Remember that in the adjaceny matrix, the rows show the outgoing relationship from the source to the target node. The columns show the incoming connections a node has coming from other nodes.

A B C D
A 0 0 0 1
B 1 0 0 0
C 1 0 0 1
D 0 0 0 0

To calculate the indegree centrality for node A we take the values from the column A because they represent the incoming connections:
$C_{I} (A) = x_{AA} + x_{B A} + x_{C A} + x_{D A} = 0 + 1 + 1 + 0 = 2$
To calculate the outdegree centrality for node B we take the values from the rows:
$C_{O} (B) = x_{B A} + x_{BB} + x_{BC} + x_{B D} = 1 + 0 + 0 + 1 = 2$
To normalise the values:
$C_{I}^{'} (A) = \frac{C _{I} ( A )}{g - 1} = \frac{2}{4 - 1} = \frac{2}{3} \approx 67%$

	A	D
A	0	1
B	1	0
C	1	1
D	0	0

2. Betweenness Centrality

“Betweeness centrality […] looks at how often an actor rest between two other actors. More specifically, betweenness centrality calculates how many times an actor sits on the geodesic (i.e. the shortes path) linking to actors together” (Prell 2012, p. 104)

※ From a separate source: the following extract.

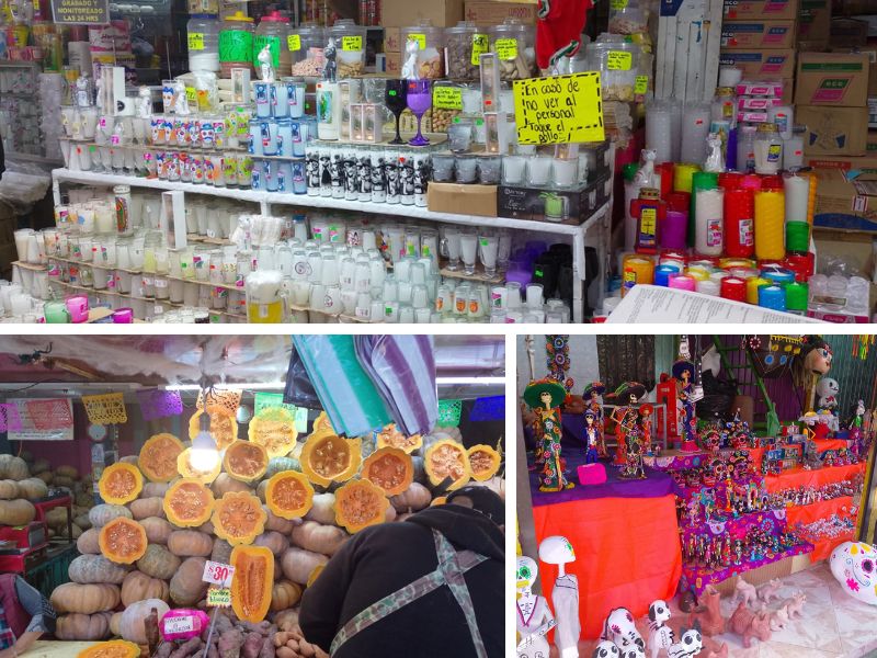 En el mercado se venden flores de cempasúchil, calabaza, pan de muerto, calaveritas y otros productos para la ofrenda.

Steps to calculate the betweenness centrality

Identify the geodesic(s) for each pair of actors. A geodesic is the shortest path between two nodes in a network.
How often is the node $n_{i}$ part of such a geodesic?

Formula:

C_{B} (n_{i}) = j < k \sum i \frac{g _{j, k} ( n _{i} )}{g _{j, k}}

The betweenness centrality $C_{B}$ for actor $n_{i}$

$g_{j, k} (n_{i})$ : the number of geodesics from $j$ to $k$ where $n_{i}$ is included, divided by
$g_{j, k}$ : the number of all geodesics from $j$ to $k$
summed up over all pairs of other nodes

Example

In this network there are two geodesics for the pair of actors $j$ and $k$ , both with a length of three.

$j \to i \to g \to k$

$j \to f \to g \to k$

So to calculate the betweenness centrality of $i$ , we would count the first geodesic in the numerator of the fraction above and the second in the denominator. To continue, we would have to do the same for all other combinations of nodes and then sum up the result.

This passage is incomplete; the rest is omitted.